- **Work instruction**
For the records below, output word for word the lines from the one with "上記写真は小口をクリップにて挟みノド部をホッチキスで留める。" up to and including the one with "Bingo Numbers are". No pictures.

- **Dataset entries**
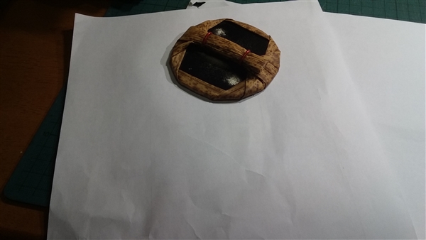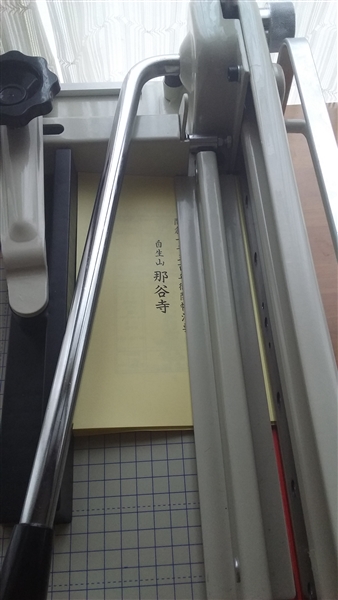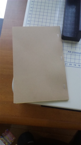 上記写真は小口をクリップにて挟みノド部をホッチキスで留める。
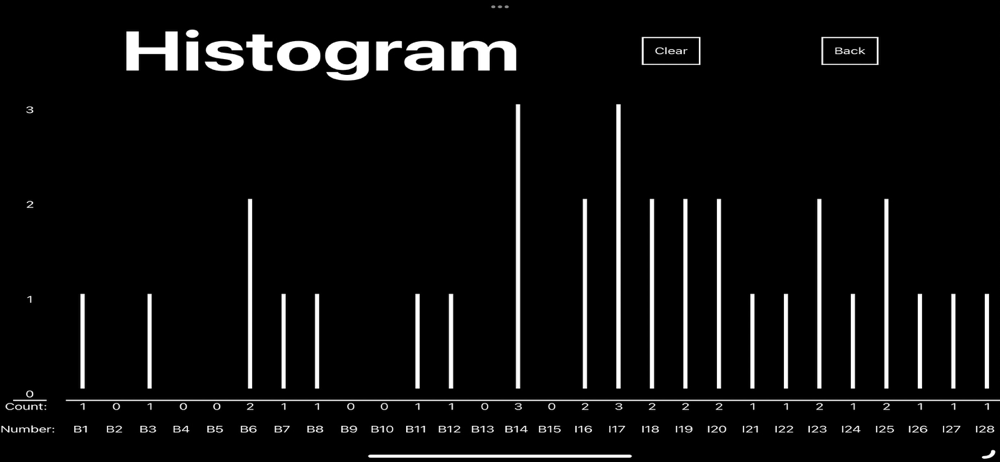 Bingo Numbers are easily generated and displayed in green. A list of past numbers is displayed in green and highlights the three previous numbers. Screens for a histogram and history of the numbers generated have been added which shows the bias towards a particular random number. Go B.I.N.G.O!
---
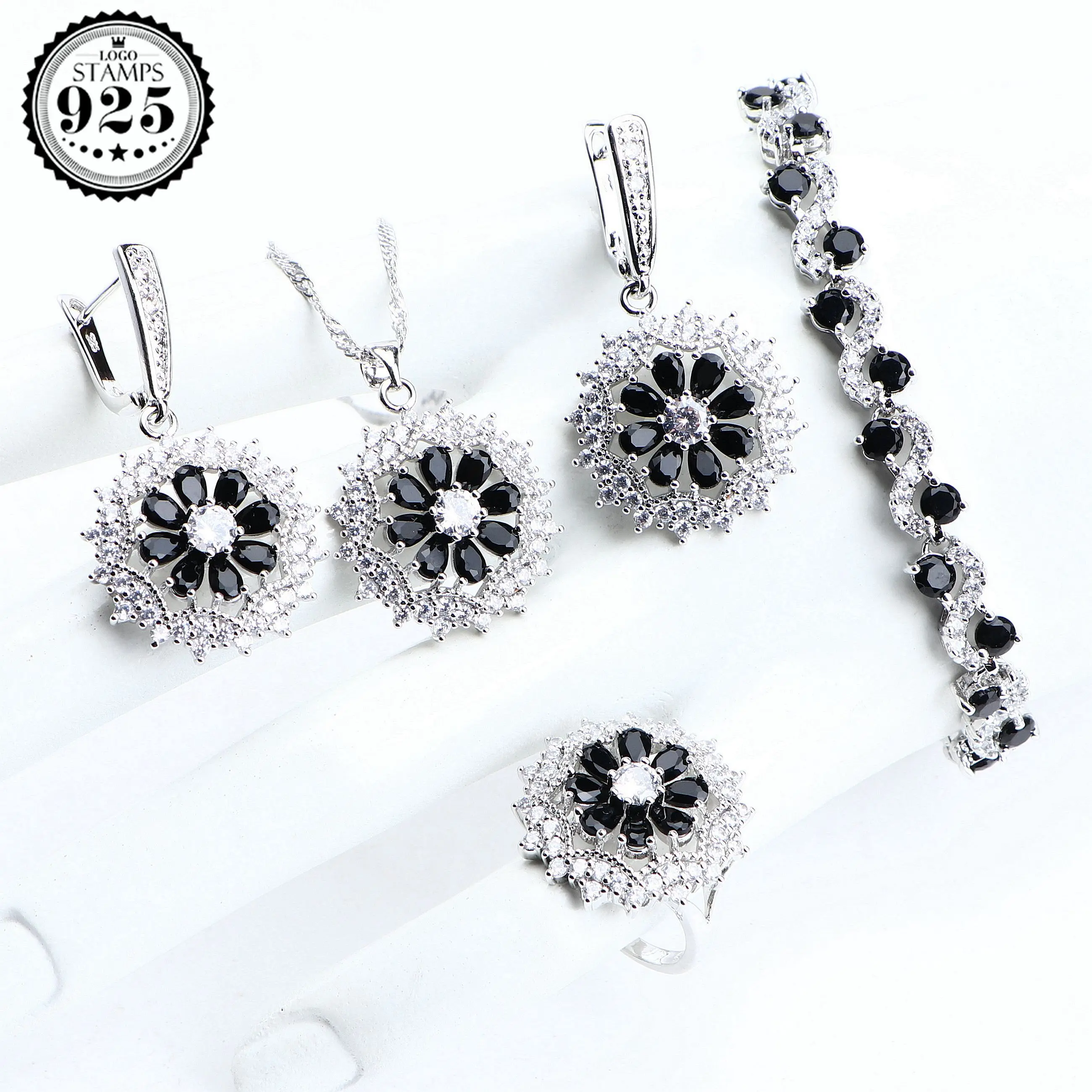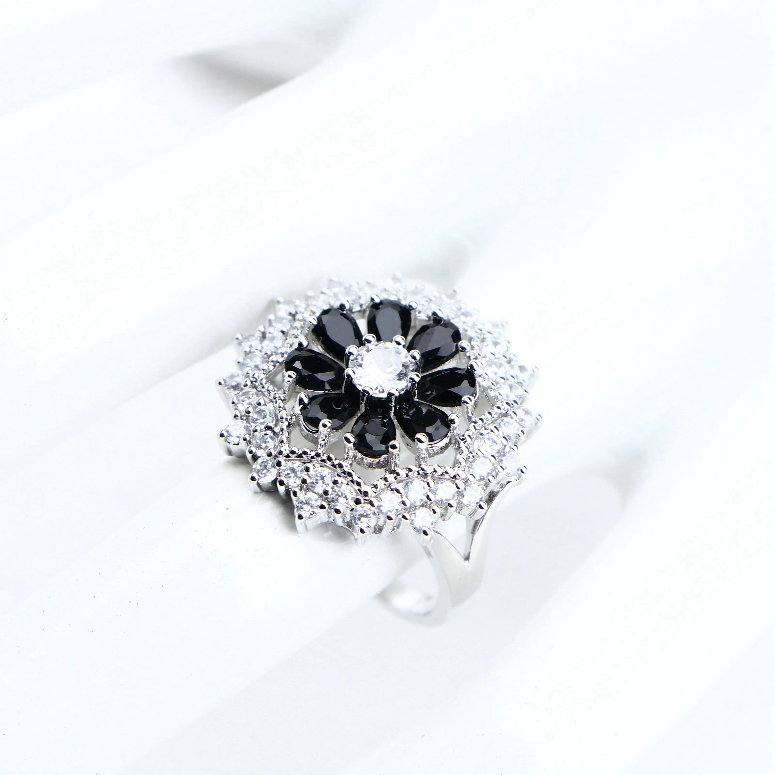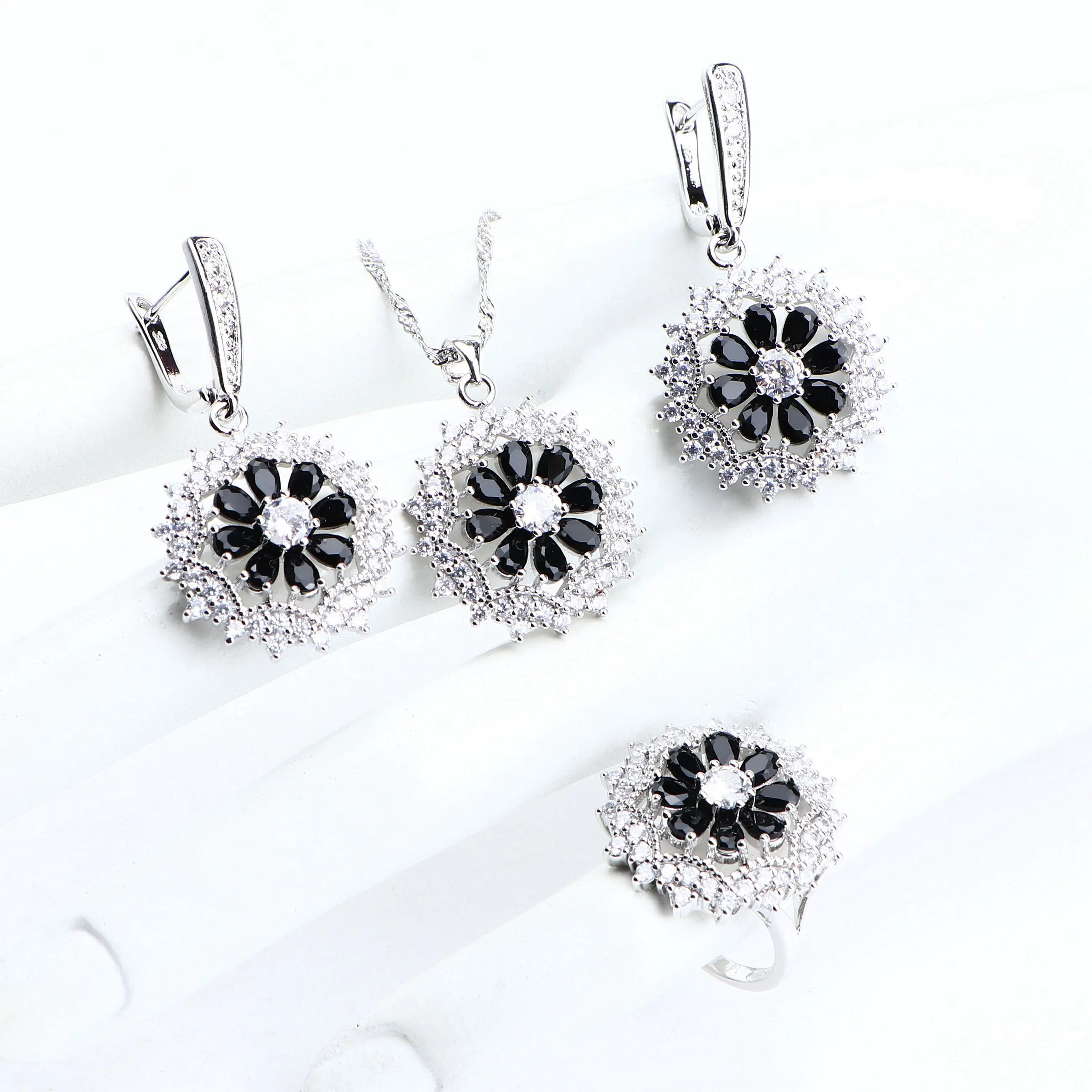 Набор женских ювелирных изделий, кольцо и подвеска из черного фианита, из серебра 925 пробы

- **Worked solution**
 上記写真は小口をクリップにて挟みノド部をホッチキスで留める。
 Bingo Numbers are easily generated and displayed in green. A list of past numbers is displayed in green and highlights the three previous numbers. Screens for a histogram and history of the numbers generated have been added which shows the bias towards a particular random number. Go B.I.N.G.O!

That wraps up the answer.